:: DATASET EXTRACT
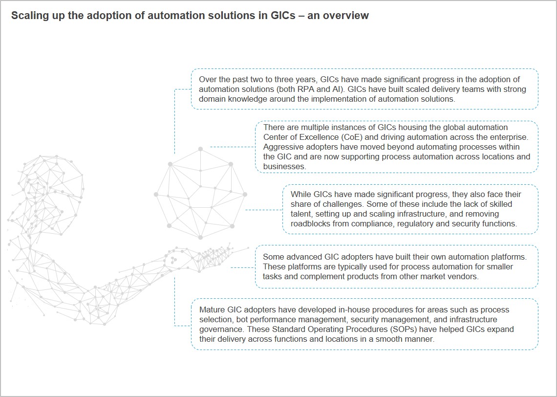 In the past 12-18 months, several GICs have steadily scaled up automation adoption and have started emerging as key strategic entities for enterprises. In fact, many GICs today house the global automation Center of Excellence (CoE), which drives several initiatives across the enterprise. Successful GICs have addressed challenges such as shortage of skilled automation talent, change management issues, and lack of leadership buy-in, and forged ahead in their journeys. Many GICs have also demonstrated they can generate revenue impact through automation initiatives.
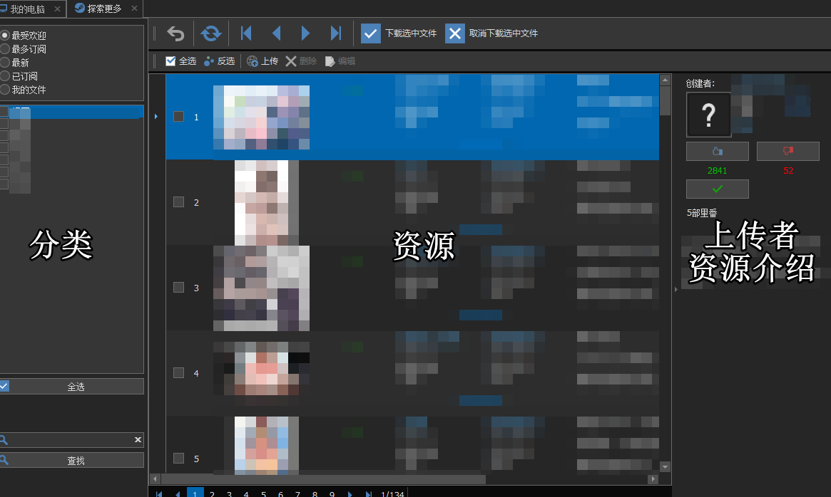 界面分为三大部分,最左侧是【分类】、中间是【资源】,右侧则是【上传者与资源介绍】。
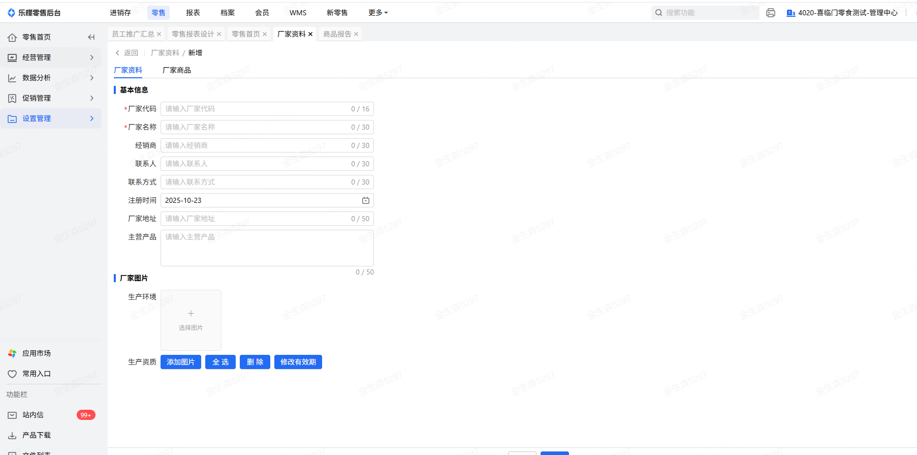 厂家资料,填写厂家信息和厂家商品等,也是有上传厂家方面的图片和资质等
::::
### DESCRIPTION OF THE TASK
Transcribe the whole listing exactly but exclude images.

### ANSWER SPACE
 In the past 12-18 months, several GICs have steadily scaled up automation adoption and have started emerging as key strategic entities for enterprises. In fact, many GICs today house the global automation Center of Excellence (CoE), which drives several initiatives across the enterprise. Successful GICs have addressed challenges such as shortage of skilled automation talent, change management issues, and lack of leadership buy-in, and forged ahead in their journeys. Many GICs have also demonstrated they can generate revenue impact through automation initiatives.
 界面分为三大部分,最左侧是【分类】、中间是【资源】,右侧则是【上传者与资源介绍】。
 厂家资料,填写厂家信息和厂家商品等,也是有上传厂家方面的图片和资质等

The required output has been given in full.